» **Directions**
Give the listing again word for word. Skip the pictures.

» **Given material**
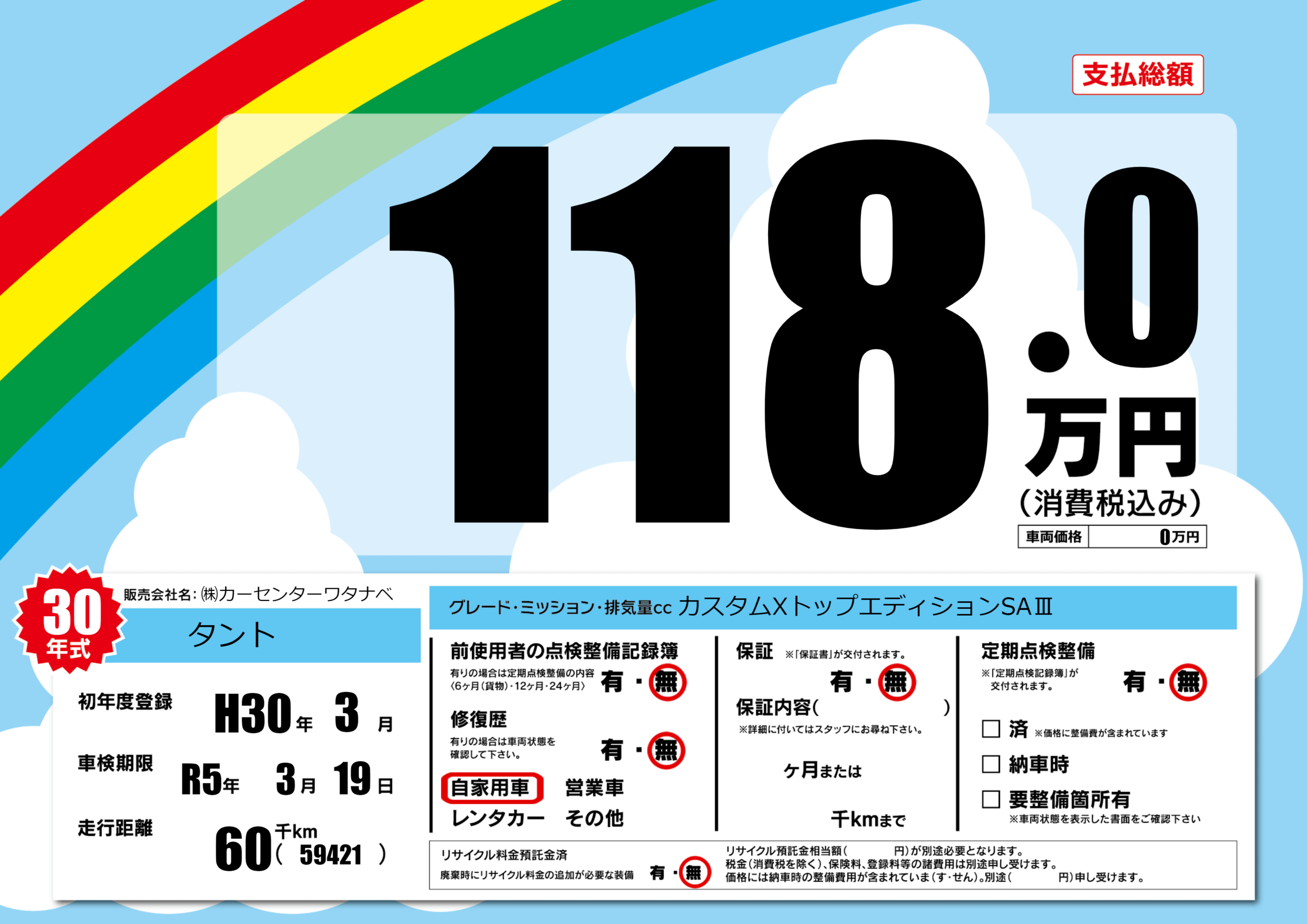| 走行キロ | 6万km | 初年度登録 | H30年3月 |
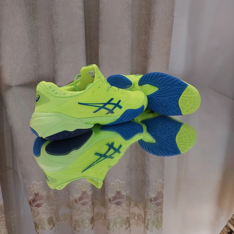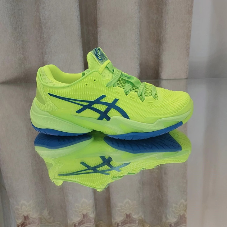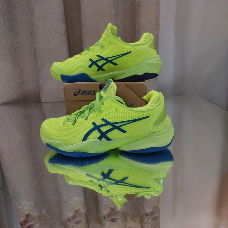 کفش تنیس خاکی اسیکس Asics tennis Court FF3 Novak CLAY- رنگ آبی فسفری کیفیت اورجینال سفارش اسیا نواک جوکوویچ
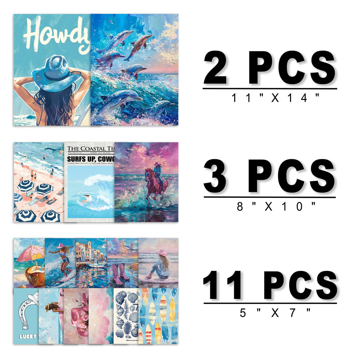 - Q: What is included in the ANERZA Coastal Cowgirl Room Decor set? A: The ANERZA set includes 16 pieces of coastal cowgirl wall art prints designed for various living spaces.

» **Solution to the exercise**
| 走行キロ | 6万km | 初年度登録 | H30年3月 |
 کفش تنیس خاکی اسیکس Asics tennis Court FF3 Novak CLAY- رنگ آبی فسفری کیفیت اورجینال سفارش اسیا نواک جوکوویچ
 - Q: What is included in the ANERZA Coastal Cowgirl Room Decor set? A: The ANERZA set includes 16 pieces of coastal cowgirl wall art prints designed for various living spaces.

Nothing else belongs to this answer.